Jackpot! is the new painfully mediocre film from director Paul Feig. The film is a straight-to-streaming title courtesy of Amazon Studios and feels exactly like a straight-to-video film.
Jackpot! starts with the briefest of lore explanations introducing audiences to a Los Angeles set in the not-too-distant future. After a second great depression the state of California, desperately in need of money, decides to create a new lottery system. The new lottery brings in tons of money for the state and is a hit with the residents of the state. The winners of the lottery are free to bathe in their new riches as long as they survive until sundown. Once the winner is announced, everyone in the city knows who the person is and they can claim that money for themselves, given they kill the winner.
There are a lot of big themes and heady ideas introduced in Jackpot!. There are touches of the famous lottery short story, themes of corporate greed, and big ideas about fame and celebrity. Unfortunately, the film bumbles all of these ideas and essentially is just The Purge as a mid-tier comedy.
Plot

Jackpot! stars Awkwafina as the lucky lotto winner Katie Kim. She is a former child actress who moves back to LA in an attempt to restart her career. John Cena is our second lead and he plays a freelance lottery winner bodyguard named Noel. He offers to protect Katie for the entire day in exchange for a small ten percent stake in her winnings. Throughout the film Katie and Noel fight off bad guys, mega-corporations, and road warrior gangs in slapstick action comedy sequences.
Most of the humor is derived from one-liners and slapstick action. Paul Feig has never been great at shooting action and it’s never been more apparent than here. There are some cool set pieces and comedic tropes, but they all fall flat. The dialogue and jokes are painful at times and there is little fun in this brightly-lit comedy aside from some random cameo’s.
R Rated Comedies

Jackpot! is an R-rated comedy but there is nothing here deserving of that rating. Vince Vaughn recently lamented the disappearances of hard R comedies on Sean Evans Hot Ones and the exclusion of these comedies in Hollywood is painfully evident here.

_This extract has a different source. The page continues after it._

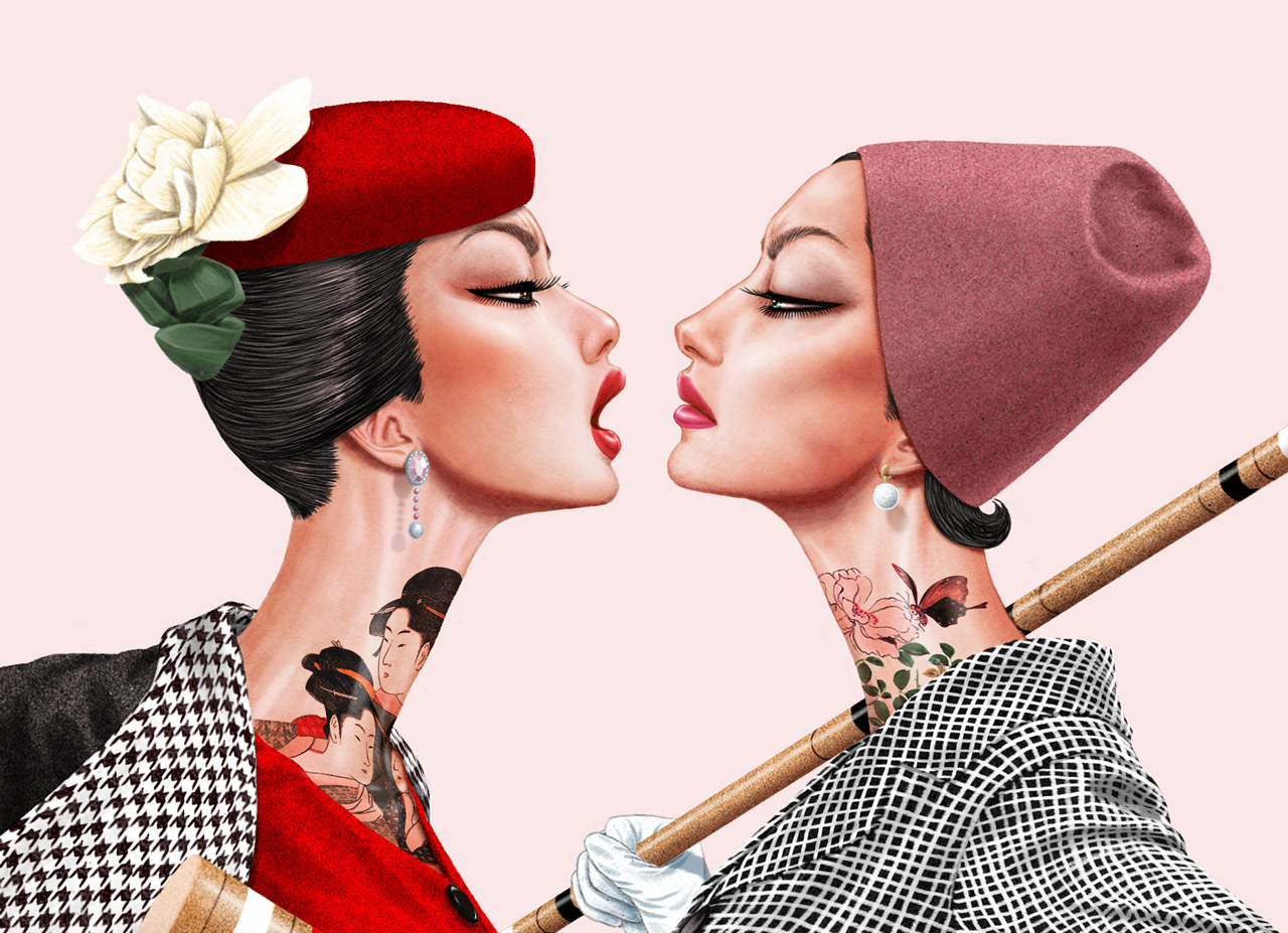 Insert your best classy yet trashy insult here. 1950s stylings, Japanese Ukiyo-e tattoos. Prim and proper meets rebellion and self expression. This series was chosen for the Society of Illustrator's annual show. Prints available here: https://society6.com/product/croquet-and-ink-nine_print?sku=s6-8831966p4a1v1

The dialogue is bad, there is no real violence to speak of, and the jokes are safe and inoffensive.
About midway through the film Awkwafina dons a disguise to hide her from the thousands of crazed Angelinos attempting to murder her. Her costume is a stereotypical old Asian man. A Mr. Miyagi type that littered kung fu films and 80s action ripoffs. The film decides to put her in this character and then make a total of zero offensive stereotype jokes, choosing instead to make a joke about gender pay discrimination and urinating while standing.
This scene is standard fair for the entire film. Every chance Jackpot! gets to push the envelope they instead choose a juvenile route. There are poop and fart jokes galore, making the whole film feel like it was written by middle schoolers. My goal isn’t to lament the ultra-offensive comedy films of the early 2000s, but I will point out that the number one movie this summer is an R-rated comedy from Disney. Deadpool and Wolverine has more violence and adult humor than Jackpot! and while Deadpool doesn’t exactly push the envelope, it makes a case for its R rating. Jackpot! could be PG-13 with just a small number of edits. This is a shame coming from the director who made a glitzy twist-filled thriller whose film’s heroine had an illicit incestual affair.
Straight-to-Streaming

Jackpot! feels exactly how you’d expect a straight-to-streaming release to feel. The entire film is brightly lit, the limiting budget is seen throughout, and the cameos are all weird C-list celebrities who are hard to spot. Sean William Scott begins the film before meeting the mildest of ends, Stanly from the office shows up for a second, and New York comedian Murray Hill has an over-the-top bit role. It all feels so cheesy that I was half expecting the film to begin with National Lampoon or American Pie presents: Jackpot!
There are some brief moments of fun in the film. John Cena and Awkwafino do play well off each other, I just wish they were in a different movie. It is great to see Simu Lui play against Awkwafina again but his character is so one note you can see his turn coming from a mile away. That’s the case for every character here though. They are all outrageously single-minded with no development and minuscule arcs.
Unrealized Themes

Jackpot’s biggest sin is its avoidance of anything serious. The film swerves at every chance it has to say something meaningful. The comedy is grossly inoffensive as is the realization of its themes. Jackpot! wants to say something powerful about fame and greed. It wants to create a believable world where people mindlessly murder their fellow citizens for a piece of the pie. The film wants us to believe there are good people in a world full of evil but it never does anything to realize these themes.
The evil people here are evil and have no redemption arc. The good people are good and never once even consider doing the wrong thing. Mega-corporations exist only to make money and they have no qualms about murdering for a bigger payday. There are interesting subtexts here but no follow-through. The best part of a movie about capitalism, greed, and poverty is a cameo by Machine Gun Kelly. Jackpot! is a 5 out of 10 mediocre film that is easily skippable.